Lições do genocídio em curso
Por Raúl Zibechi
Publicado em Nais
“O campo de concentração, e não a cidade, é hoje o paradigma biopolítico do Ocidente”, escreveu, há 25 anos, Giorgio Agamben. Para o filósofo italiano, o campo de concentração é o acontecimento fundamental da modernidade, a partir do qual não há “retorno possível à política clássica”.
Agamben dedicou grande parte de sua vida e vários livros ao estudo dos campos nazistas, agrupados sob o título de “Homo Sacer”. Seu trabalho contribuiu para mostrar com maior clareza a política moderna após a Segunda Guerra Mundial, iluminando situações como a vivida pelos palestinos em Gaza e por muitos outros povos em diversas regiões do mundo.
Ele relaciona o campo de concentração com o estado de exceção e, portanto, com as políticas de segurança dos Estados atuais. Destaca que o campo de concentração é o espaço que se abre quando o estado de exceção começa a se tornar a regra, mas acrescenta que está sendo progressivamente substituído por “uma generalização sem precedentes do estado de exceção como técnica normal de governo”.
Consequentemente, Agamben define o totalitarismo moderno como “uma guerra civil legal, que permite a eliminação não apenas dos adversários políticos, mas de categorias inteiras de cidadãos que, por qualquer motivo, não se integram ao sistema político”.

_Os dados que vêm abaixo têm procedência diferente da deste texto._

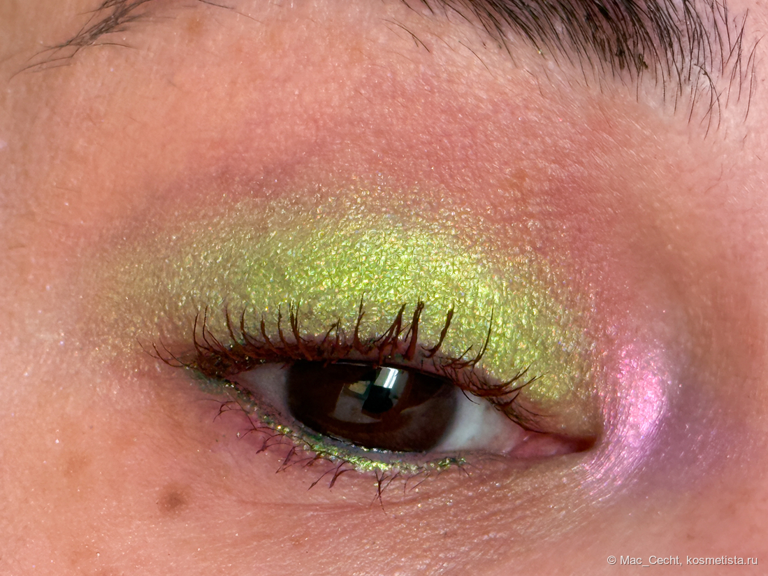 Оттенок послушный — набирается любыми кистями, не осыпается при нанесении, нормально носится. Да, не самый безумный сиятор, даже можно сказать, что вообще не сиятор, но красив!

O desenvolvimento desse argumento leva a considerar que o campo de concentração é um espaço onde predomina a “vida nua”, desumanizada e desprovida de qualquer direito. Portanto, aqueles que foram excluídos e reclusos no campo “podem ser mortos, sem que se cometa homicídio”. Ou seja, matar essas pessoas deixa de ser um crime.
Isso é exatamente o que acontece em Gaza, mas também nas favelas do Rio de Janeiro, na cerca de Melilla [que separa o enclave espanhol do território marroquino] e em todos os espaços habitados por seres humanos desumanizados pelo sistema opressor, pelos monopólios midiáticos e pelos Estados a serviço do capital financeiro.
No entanto, há algo que gera desconforto, que mostra que as coisas não estão funcionando. Concordo plenamente com essa análise, pois escancara a realidade para torná-la transparente. O que gera desconforto somos nós. Escrevi algo semelhante, em 2008. E temos lido textos semelhantes há um bom tempo.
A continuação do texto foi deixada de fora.